»»
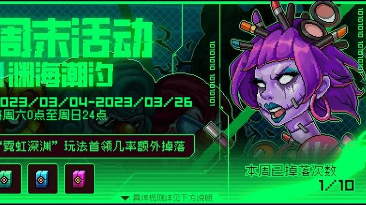这里可知,活动从3月4日到3月26日,也就是4个周末,因为每次是周六到周日,所以一个周10个箱子,共40个箱子 描述是,在霓虹深渊玩法中,几率掉落各等级箱子,但几率未知,这里注意是霓虹深渊玩法!!!也就是说打拟合和诸神是没有掉落的,记好笔记,再就是只有高级箱必定掉落霓虹币,其他的箱子是概率,高级箱也有保底,可以理解为5次,必定有一次,就算脸再黑也至少有两个高级箱,就是这个活动最少最少也有保底4个币
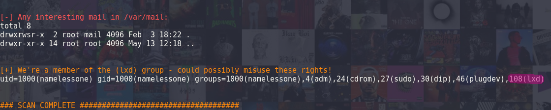 As usual I got stuck on privilege escalation for a while. After running linpeas.sh and LinEnum.sh going through kernel exploits, sudo etc... I found something peculiar the current user is part of a group called lxd.
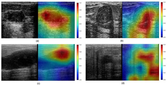 Figure 11 presents a visual interpretation of the proposed method using the Grad-CAM technique as explained in Section 3.3. As one can see, the pixels that highly contribute to the decisions of ConvNeXt (i.e., classifying tumors as benign or malignant) are highlighted in red, while the pixels that have a very low contribution to the decisions of ConvNeXt are highlighted in blue color. In the case of BUS images shown in Figure 11a–c, the red color in the two heatmaps is concentrated around the region of the tumors. In turn, in Figure 11d the red color appears in a shadow region as well as in the tumor region.
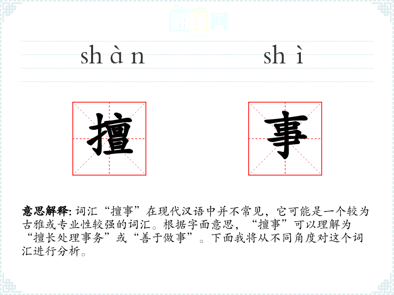 词汇“擅事”在现代汉语中并不常见,它可能是一个较为古雅或专业性较强的词汇。根据字面意思,“擅事”可以理解为“擅长处理事务”或“善于做事”。下面我将从不同角度对这个词汇进行分析。
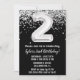 Noir et blanc 2e anniversaire invitation à la fête age 2 anniversaire invitation à la fête avec parties scintillant et écriture de script moderne et ballons de papier amusant.
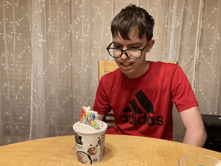 Luke requested ice cream rather than cake. Because it was his birthday, he got a whole carton to himself.
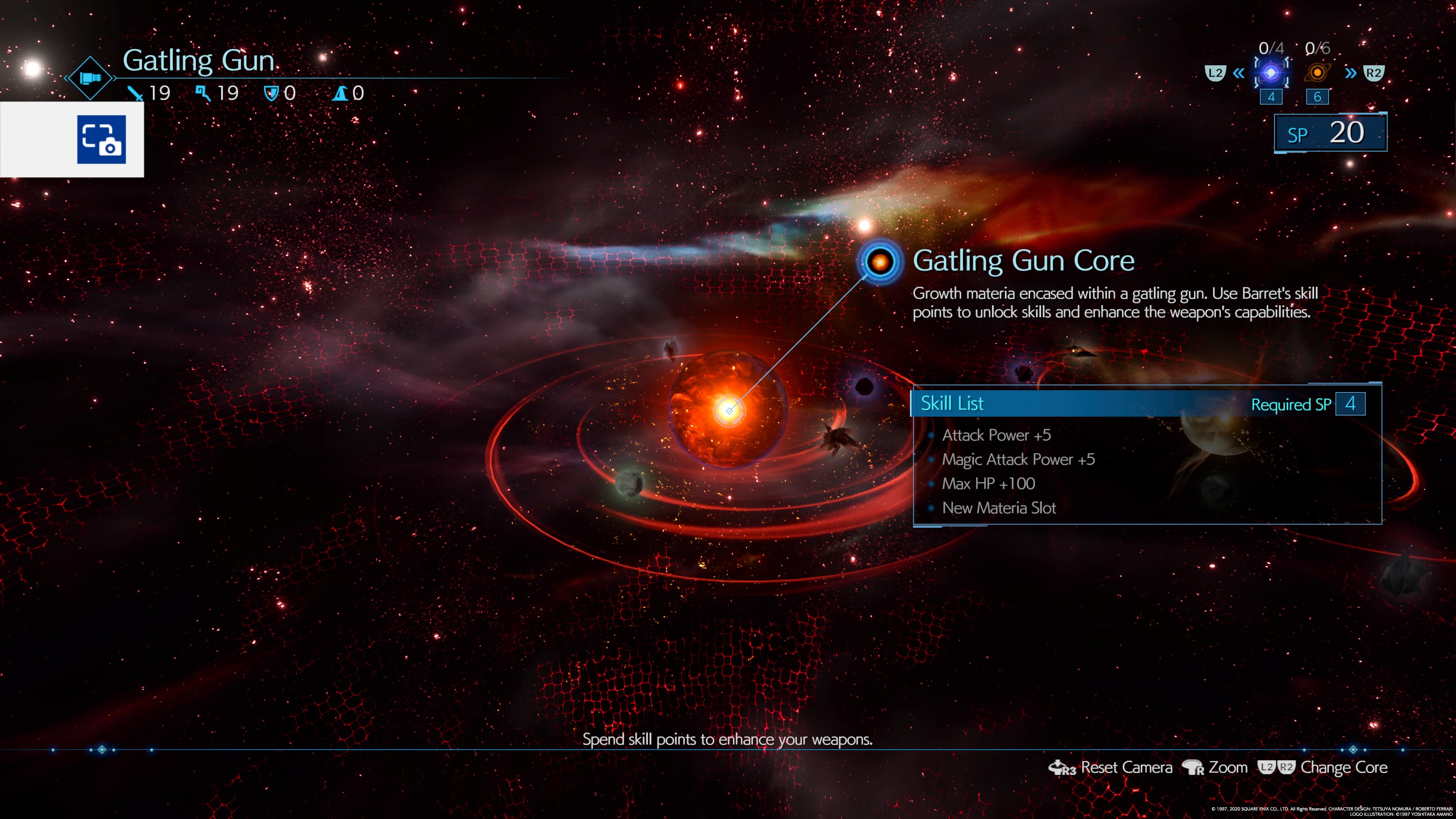 The weapon upgrade screen are done in orbs in what looks like a galaxy. It looks like a galaxy of solar systems. Each planet is an upgrade and each solar system is an upgrade tree that reveals itself with different tiers and levels.
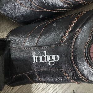 Indigo by Clarks Western Boot Style Slip on Heels Black Leather Sz 8M Pointed
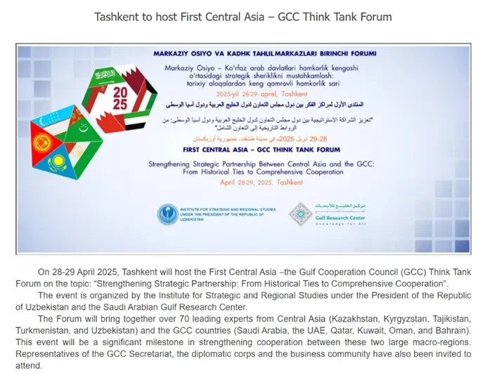 Маълум қилинганидек, шу йилнинг 28-29 апрель кунлари бўлиб ўтадиган тадбир Ўзбекистон Президенти ҳузуридаги Стратегик ва минтақалараро тадқиқотлар институти ҳамда Саудия Арабистонининг "Gulf Research Center" тадқиқот маркази томонидан ташкил этилмоқда.
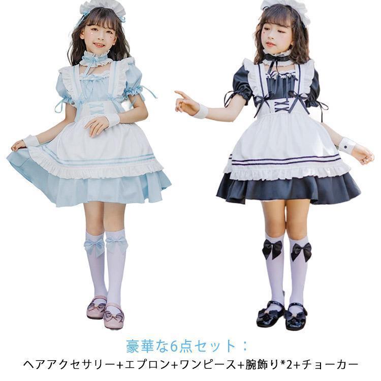 メイド子供 メイド服 ハロウィン キッ ホビー 続々登場 ブラック ブルー 110 120 130 140 150
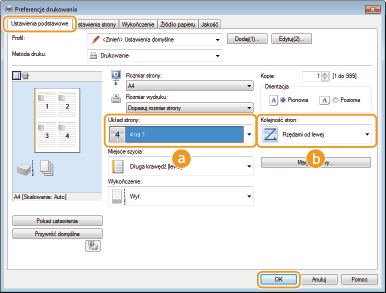 W sekcji [Układ strony] określ liczbę stron, która ma zostać wydrukowana na jednym arkuszu
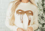 White Sequined Bow Graphic Christmas Holiday Sweater
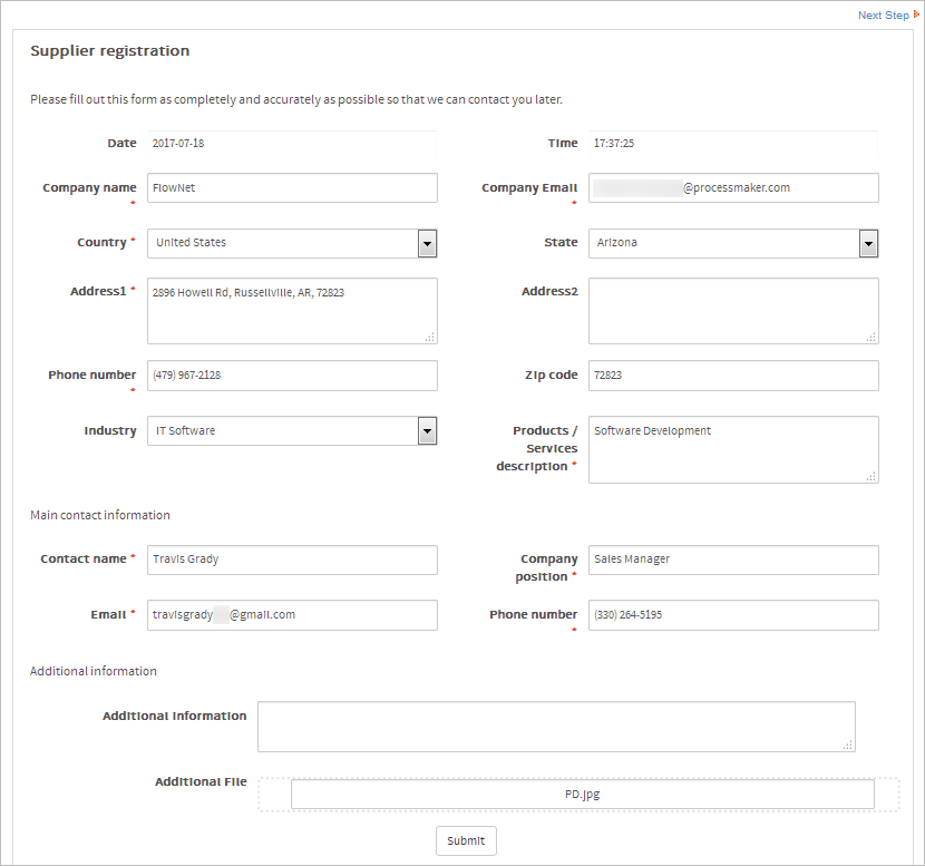 The supplier accesses the web entry link and fills in the Supplier Registration form, which is divided in three sections. The first section is where the supplier fills in the company details, the main contact information section, and the Additional Information section, where the supplier can include more information about his company and upload a file to promote the company's services.
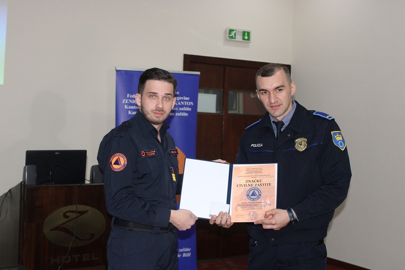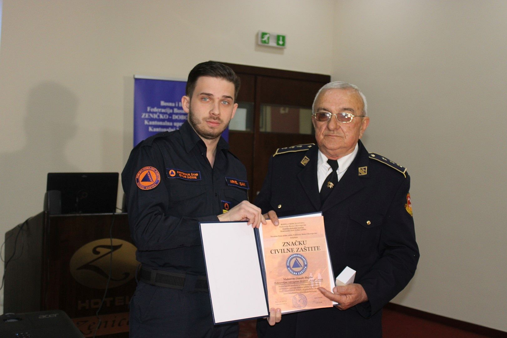 Komandant KŠCZ-a i ministar za prostorno uređenje, promet i komunikacije i zaštitu okoline Arnel Isak uručio je najviše prizannje "Zlatnu značku" Muharemu Hujduru iz Tešnja, članu Dobrovoljnog vatrogasnog društva Jelah, za izuzetan doprinos razvoju sistema zaštite i spašavanja od požara i uspostavljanje Vatrogasnog saveza Zeničko-dobojskog kantona, te Erminu Mujezinoviću, policajcu Policijske stanice Crkvice Zenica, koji je 20. marta 2021. godine spasio trogodišnjeg dječaka od utapanja u rijeci Bosni.
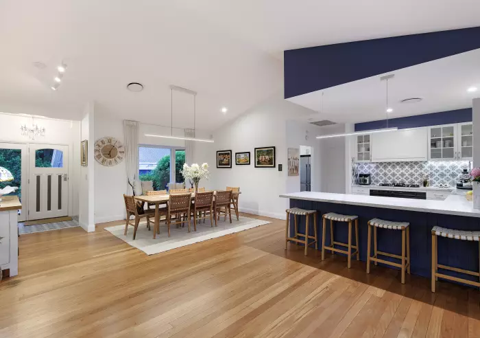 — Polished blackbutt timber flooring throughout kitchen, lounge and dining areas
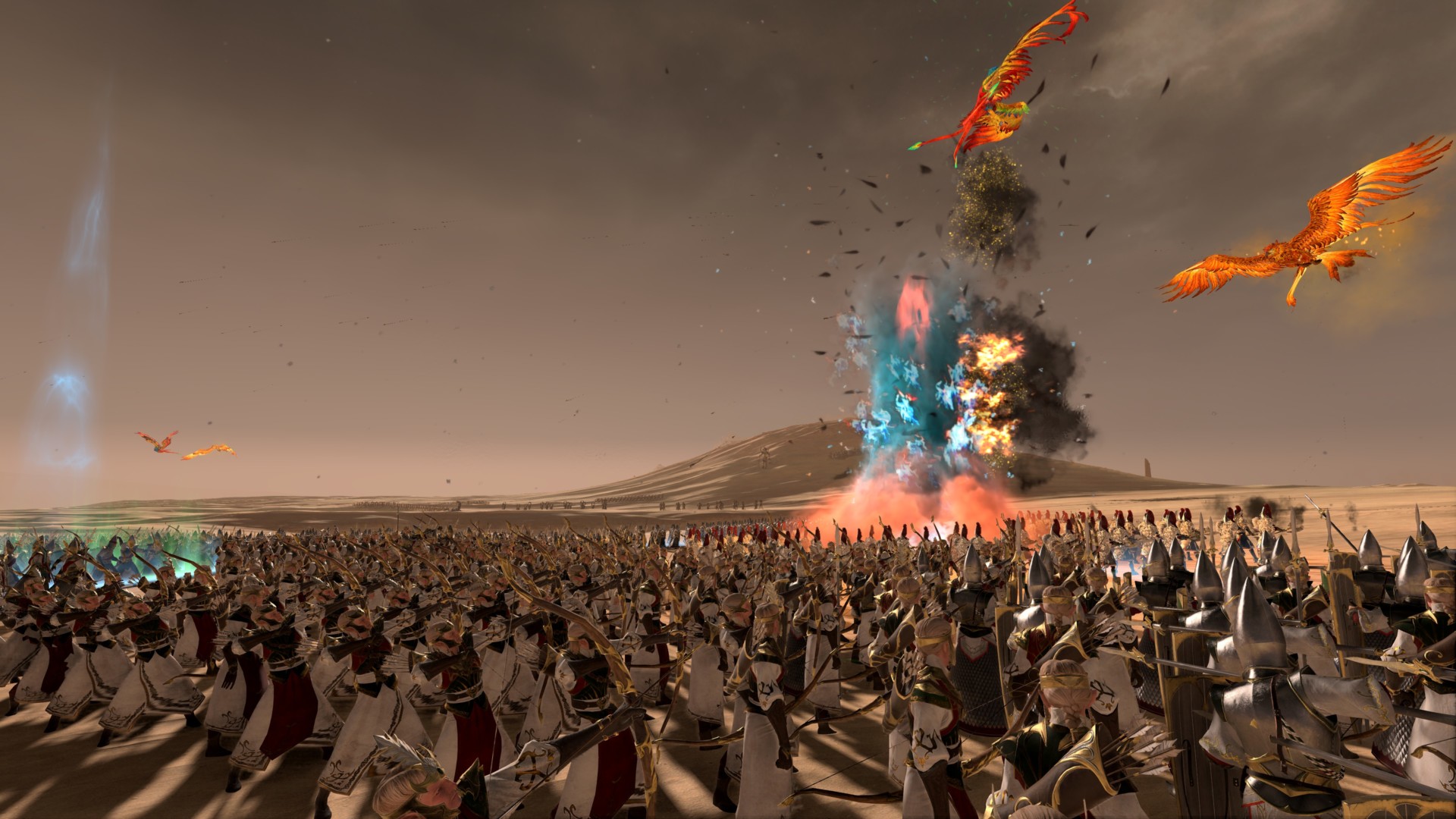 Note: The desert heat will affect the damage of fire magic. Unfortunately, Gordinar and all four phoenixes will be resistant to this damage type, so avoid using any buff/spell/banner that uses fire-based attacks (ie. Flaming Sword of Rhuin or the Greater Invocation of Vaul) as these will just gimp your DPS against them. However, you could still use fire when fighting off the Tomb Kings units.
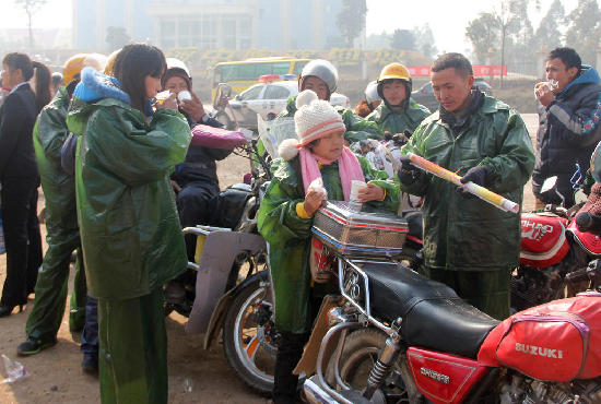 2014年1月19日,在粤桂交界的广西梧州市藤县春运服务站,几位穿着统一颜色、款式雨衣的返乡摩托车手正在修整。
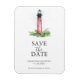 These custom save the date magnets feature a watercolor Jupiter, Florida lighthouse. The words "Save the Date" are typeset in charcoal grey over a crisp white background. use the template fields to type your personalised information. To see more of this beach wedding theme visit www.zazzle.com/dotellabelle
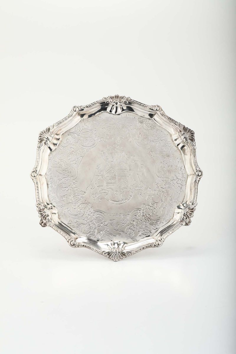 Salver circolare in argento con decoro sul bordo, Inghilterra XIX secolo
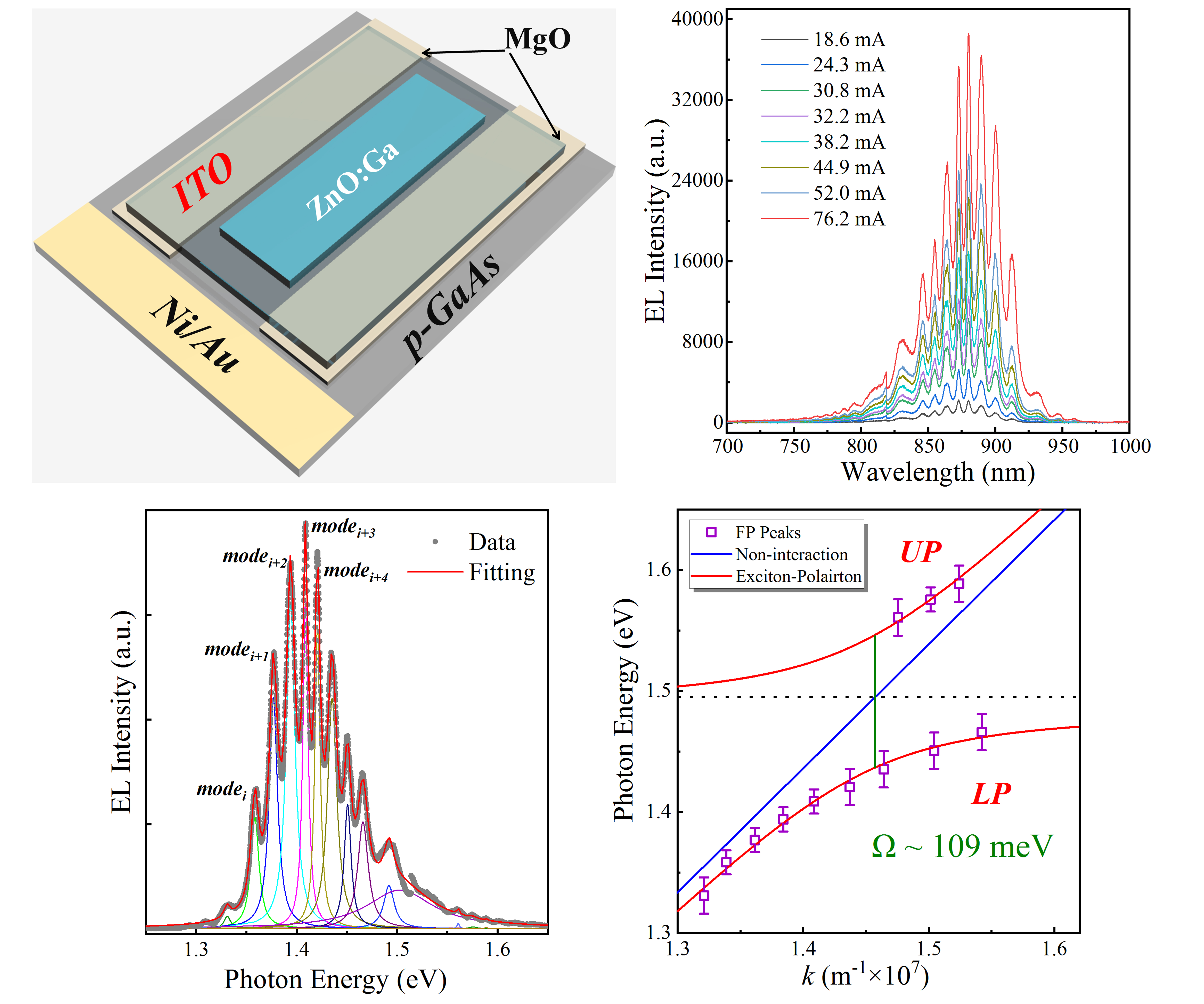 本研究工作依托阚彩侠教授课题组(光电功能材料、器件与物理课题组)平台,在实验上采用化学气相输运沉积实验方法合成了ZnO:Ga微米带,结合p型GaAs衬底构建了n-ZnO:Ga微米带/p-GaAs异质结。该异质结发光二极管器件可以在近红外波长880nm处发射,光谱半高宽约为55nm。从其电致发光光谱可以看出:光谱由一系列窄的发光峰叠加组成,且可以获得长波范围模式间距展宽现象,表明了微米带近红外LED中可以发生较强的光-物质相互作用,实现了电驱动操作下的激子-极化耦合。实验上制备的单根ZnO:Ga微米带拥有较高的结晶质量,其横截面构筑的Fabry-Perot光学谐振腔能够对发光器件释放的光子形成一定的选择机制,进一步为器件中激子和光子的耦合相互作用提供了谐振腔。通过角分辨电致发光测量的反交叉行为证明了这种的激子-极化强耦合,并估算了相应的拉比分裂能,即激子-光子耦合强度约为109 meV。实验结果为在室温下实现电驱动激子-极化发光二极管提供了可能,也为实现具有低成本、超低阈值的相干光源的制备迈出了有希望的一步。
««
Above is the material; set down exactly its lines from the one containing "These custom save" down to the one containing "Salver circolare in", both included, leaving out any pictures.

 These custom save the date magnets feature a watercolor Jupiter, Florida lighthouse. The words "Save the Date" are typeset in charcoal grey over a crisp white background. use the template fields to type your personalised information. To see more of this beach wedding theme visit www.zazzle.com/dotellabelle
 Salver circolare in argento con decoro sul bordo, Inghilterra XIX secolo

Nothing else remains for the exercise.